Tuesday, September 26, 2006

Illinois - Land of Corruption?

When you start writing about SIUC and their problems, you need to frame the discussion first with the environment of Illinois. By most measures Illinois is the most corrupt state in the USA. There are no campaign contribution limits (see Green party proposal to fix), most levels of government than any other state (someone tell me why Carbondale Township, Mosquito Abatement District, Park District, library, three elementary school systems and a high school system need to exist in the same little town?) where politicians can be parked on the taxpayer's pocketbook until they are ready to run for higher office. I'm not going to get into Chicago, it is bad, but I'm trying to ignore it.

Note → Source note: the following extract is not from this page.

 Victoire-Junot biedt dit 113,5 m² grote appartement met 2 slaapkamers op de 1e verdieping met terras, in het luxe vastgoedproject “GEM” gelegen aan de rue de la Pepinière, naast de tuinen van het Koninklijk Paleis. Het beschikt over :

Do we need to get into how many governors go to jail?

I feel that any position nominiated by the governor in Illinois is suspect. But the real question is why are Illinois' voters allowing this to happen?

2 comments:

Anonymous said...

Can I stop laughing abou the campaign finance proposal? If anyone thinks limits, caps, time-freezes, etc. are going to work, they don't know history, human behavior, or government. Read the chapter on campaign finance "reform" in Steve Gillon's _That's Not What We Meant to Do: The History of Unintended Consequences_.

"Contracts should be awarded on the basis of merit," Whitney said.

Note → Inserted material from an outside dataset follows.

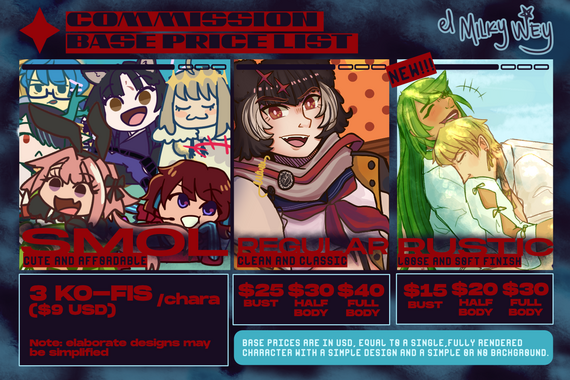 >graphic design (social media assets,static streaming assets,vtuber logos)Note: all of these are experimental commisions,meaning that as long as i don't list these in the price sheet above,they do not have set prices or delivery rates. A quote will be made to fit your order.*if the commisioner wants the piece delivered to them,they must provide a delivery address and cover shipping expenses. otherwise, a scanned copy of the commission will be sent digitally.

Ha! Except for things like veteran, minority, female status, etc. Does anyone remember Daley's "friends" and family being awarded "minority" contracts in Chicago? As someone who has followed this trail of institutionalized corruption can attest, there's nothing like shielding yourself with some well-intentioned cause....

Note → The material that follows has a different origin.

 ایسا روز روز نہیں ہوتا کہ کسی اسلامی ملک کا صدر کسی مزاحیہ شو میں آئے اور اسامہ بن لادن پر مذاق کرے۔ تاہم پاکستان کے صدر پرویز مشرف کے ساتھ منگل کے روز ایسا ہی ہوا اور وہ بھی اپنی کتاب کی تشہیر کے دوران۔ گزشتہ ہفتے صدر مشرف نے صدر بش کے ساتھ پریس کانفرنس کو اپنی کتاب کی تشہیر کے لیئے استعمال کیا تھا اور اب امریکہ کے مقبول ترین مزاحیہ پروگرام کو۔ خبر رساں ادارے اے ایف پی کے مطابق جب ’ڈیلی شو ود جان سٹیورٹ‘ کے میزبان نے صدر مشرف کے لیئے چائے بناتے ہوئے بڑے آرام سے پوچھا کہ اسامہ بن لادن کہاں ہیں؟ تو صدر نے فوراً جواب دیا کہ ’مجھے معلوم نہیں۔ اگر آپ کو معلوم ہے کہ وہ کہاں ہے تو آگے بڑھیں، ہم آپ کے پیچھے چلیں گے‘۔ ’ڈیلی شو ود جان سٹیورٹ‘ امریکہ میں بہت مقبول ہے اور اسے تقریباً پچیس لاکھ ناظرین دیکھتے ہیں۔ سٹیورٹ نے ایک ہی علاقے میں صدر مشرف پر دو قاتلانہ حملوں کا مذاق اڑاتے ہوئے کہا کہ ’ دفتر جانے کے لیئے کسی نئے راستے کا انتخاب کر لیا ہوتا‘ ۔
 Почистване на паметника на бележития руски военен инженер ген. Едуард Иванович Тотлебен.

The law school, which does terrible marketing with its speakers, brought FEC Commissioner here who argued against all limits on contributions except for full disclosure. This speaker came here THREE times and was a highly controversial national news item. Did anyone pick up on it?

If you get a product and don't market it, you got nothing...

PeterG said...

I realize I'm late with this, but if you slap on campaign funding limits it is a whole lot easier to figure out who has cross the line. In Illinois right now cross the line is legal.